The Other Day I Met a Bear
This nursery rhyme follows the same logic as “California Dreaming” with regard to lyrics that work better when they are repeated or appended. This is a long song that is not as easy to learn as the others listed herein, but it is a lot of fun and is often sang by troops of Boy Scouts and Girl Scouts.
In 2016, a South Korean company dedicated to publishing learning materials for young children released “Baby Shark” a highly repetitive song shaped around a simple melody that becomes annoying after a while, but not for children.
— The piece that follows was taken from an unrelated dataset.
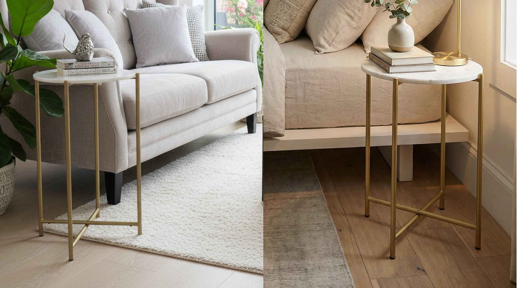 Clear Glass Side/End/Laptop Table-Zen Adjustable Round Table,Copper Base
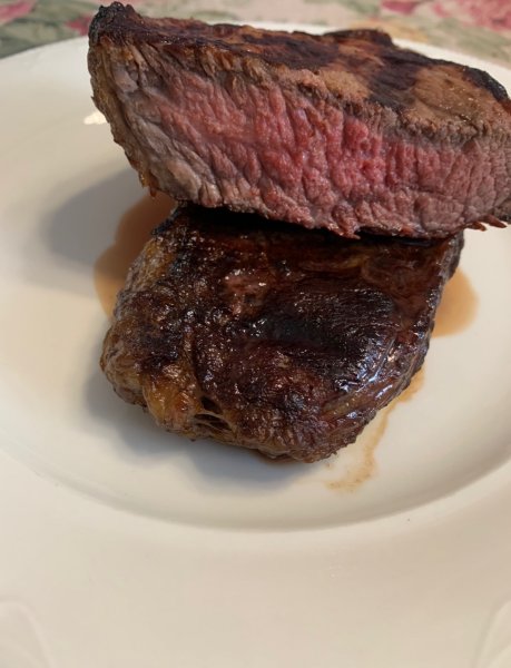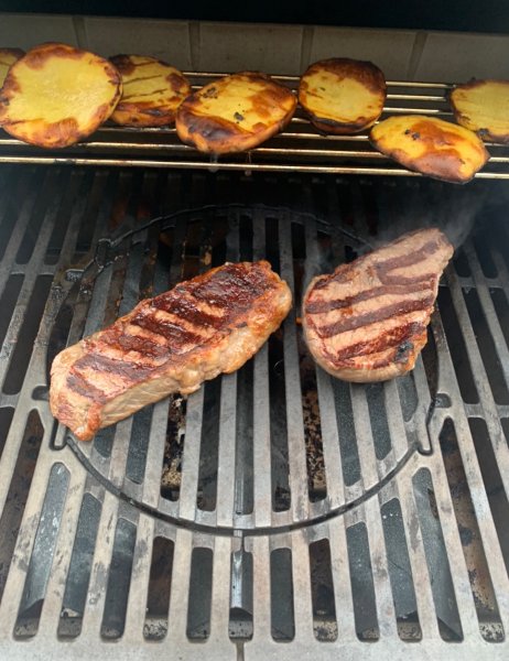 5. Немного о непрямом жаре. Стейк в 5 см толщиной (обратный метод) достаточно оперативно дошел до кондиции над потушенной горелкой, после чего был обжарен над горящей. Все ОК.

This has been a campfire song that may have originated in North American and German summer camps in the wake of the 1975 film “Jaws,” directed by Steven Spielberg. “Baby Shark” became a huge hit when the most irritating version was released on YouTube in 2016, probably because it features simple dance moves adequate for preschool and kindergarten activities.
There She Goes
Parents of a certain age will remember this Britpop gem from 1988 by The La’s; however, they probably know the song from various film soundtracks, which means that they remember covers by The Boo Radleys or Sixpence None the Richer. Films such as “The Adventures of Pete and Pete,” “The Parent Trap,” and “Snow Day” are responsible for making this song a new summer camp favorite. The song structure is so simple that it does not present any verses; it revolves around a single chorus that is meant repeated four times plus a bridge that changes the lyrics but not the rhymes.
This clapping song is another favorite of Boy Scouts and Girl Scouts troops; it features a challenging gimmick to singers who are expected to skip a letter in each verse and match the number of letters dropped with a clap. Bingo is the name of a dog that lives in farm; since there are five letter in its name, you are supposed to clap five times by the time you get to “O,” but it is easy to make mistakes.